How a Microsoft veteran learned to love Linux, and why it matters - spahl
http://www.techflash.com/seattle/2009/06/How_a_Microsoft_veteran_learned_to_love_Linux_and_why_it_matters_48542167.html

======
shin_lao
This article is wrong in many areas.

First of all getting the NT kernel and building upon is a thing you can do
without getting the source code. The driver development kit of Windows is
order of magnitude better in terms of documentation and ease of use (as far as
kernel development is easy) than the Linux or BSD driver kit (I've worked on
all of three).

You don't really need the source code of the kernel when you have all the
documentation you need and a powerful API.

If you really need the source code for what you are doing, Microsoft gives
access to this source code. You get a remote access via smartcard and can
browse through the whole source code (remember the 2000 source code leak).

The source code availability, is really not, I think, the explanation why
Windows NT doesn't dominate the server world. You don't need to recompile or
tinker the kernel to administrate a Windows machine, this need simply doesn't
exist.

The reason is that it took a lot of time for Windows to adopt a server
philosophy.

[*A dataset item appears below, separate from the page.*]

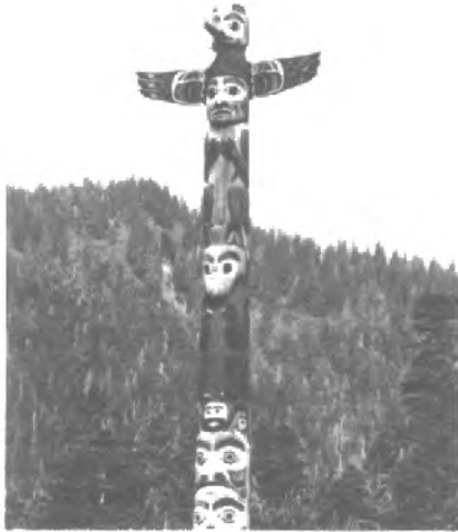
Fig. n.º 55.- Tótem. Apud Freud (1973: 2, Lám. 71).

«¿Qué es un tótem? –se pregunta el célebre psicoanalista–. Por lo general un animal comestible, ora inofensivo, ora peligroso y temido –más raramente una planta o una fuerza natural (lluvia, agua)–

If you've played with Windows Server 2008, you realize Microsoft
is getting there.

One of the things I like with Windows Server 2008 is that it doesn't install
the whole universe and let you precisely pick what you want to deploy on your
machine.

The addition of a more powerful shell and a more transparent administration
panel helps as well.

Another problem is the very rich, but complex, ACL (access control list)
system of Windows NT. Although you can deploy extremely fine grained and
subtle rights and authorizations with this system, in UNIX you just type
"chmod 0755" and 99.9% of the cases you're fine with it.

Last but not least, Windows carries a bad reputation in terms of reliability
and security.

In terms of performance or features, NT has got nothing to envy to Linux or
BSD.

The reason to me is really a "packaging" problem, the technology is capable.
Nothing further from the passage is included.